This illusion has led people to make poor decisions about such things as what to eat (e.g., coffee, once bad, is now good for health), what medical procedures to use (e.g., the frequently recommended PSA test for prostate cancer has now been shown to be harmful), and what economic policies the government should adopt in recessions (e.g., trusting the government to be more efficient than the market).

According to Zellner (2001), Sir Harold Jeffreys had warned of this illusion, and, in 1961, referred to it as the “most fundamental fallacy of all.”
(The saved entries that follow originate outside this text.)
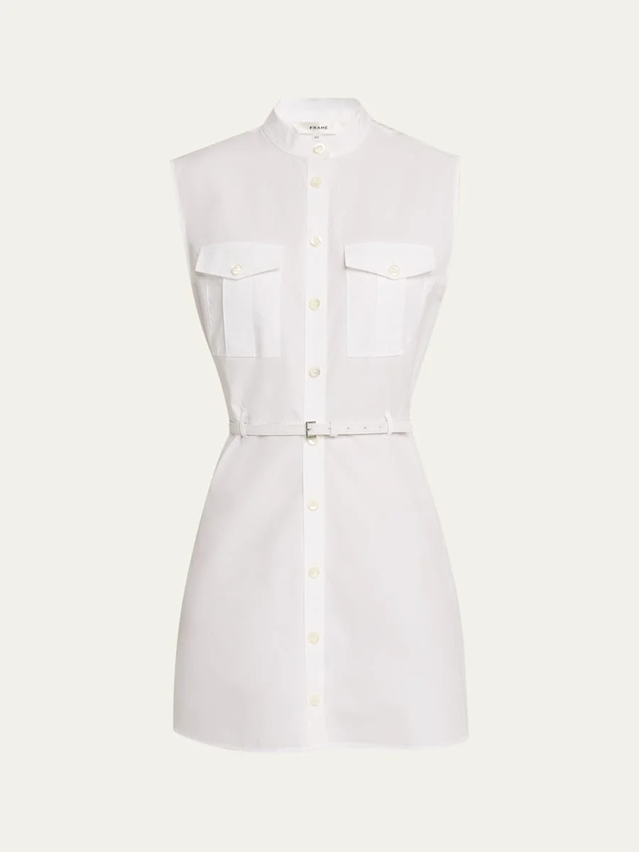 FRAME "The Safari" mini dress featuring a belted waist High neckline Sleeveless Dual chest pockets Shirtdress silhouette Hem falls above the knee Button-front Cotton Machine wash cold Imported Online Inquiries: BGS21_T6HPZ| Store Inquiries: #4989963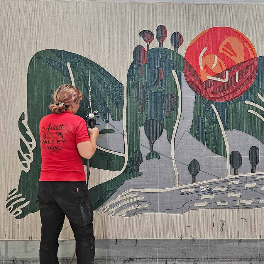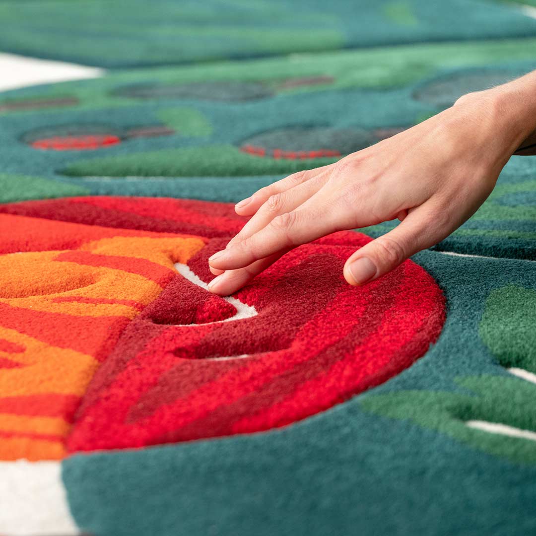 This designer rug is handmade by Estonian specialists who have nearly 30 years of experience in crafting hand-tufted natural carpets and rugs. Working closely with artist Lina Sasnauskaitė, they guided her through the process of translating her original artwork into the tactile medium of a wool rug.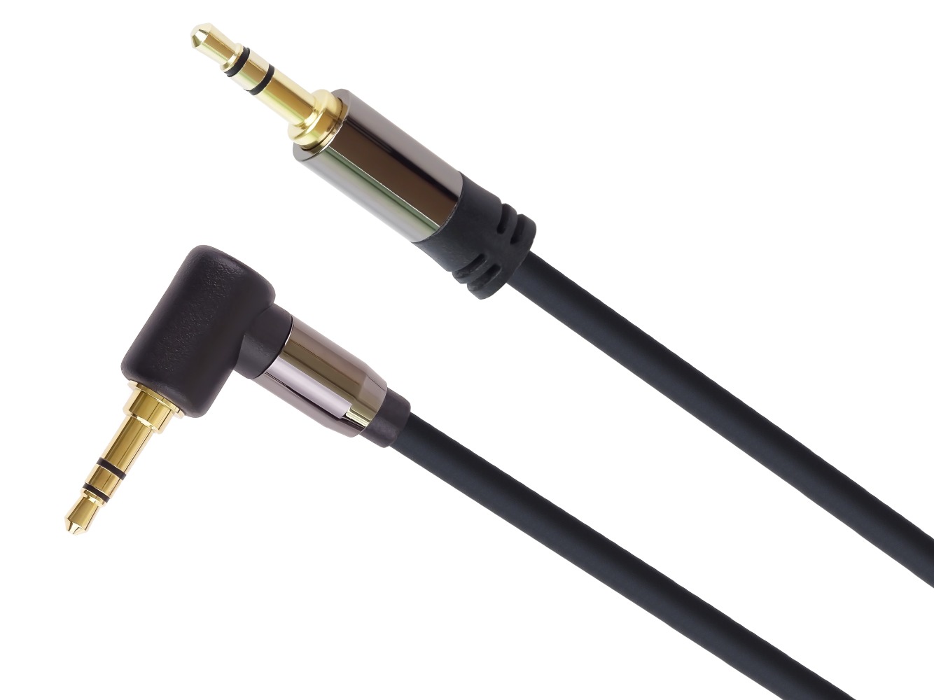PremiumCord Kabel Jack 3.5mm - 3,5mm konektor 90° M/M 5m, pro připojení zařízení s konektorem pro sluchátka ke stereo systémům, zesilovačům nebo reproduktorům s 3,5 mm RCA/AUX vstupem
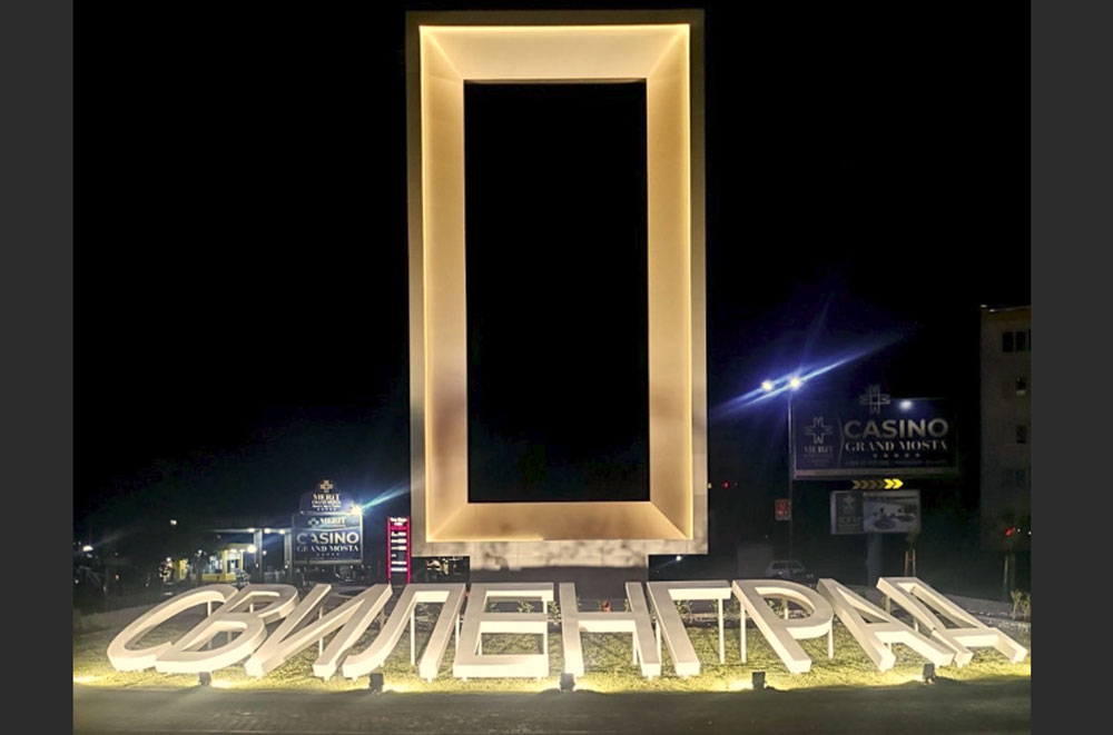 Отпред с големи букви на кирилица е изписано името на града. Зелената площ е оформена с тревни масиви, декоративни каменни ивици, дървета, храсти и цветя. Цялата композиция е осветена с насочена светлина.

The solution is to base causality on meta-analyses of experimental studies.

**Discussion**

An obvious conclusion from the study by S&H is to de-emphasize descriptive statistics for regression packages. Software developers should provide statistics on the ability of alternative methods to produce accurate forecasts on holdout samples as the default option. They could allow users to click a button to access the traditional regression statistics, a warning label should be provided near that button.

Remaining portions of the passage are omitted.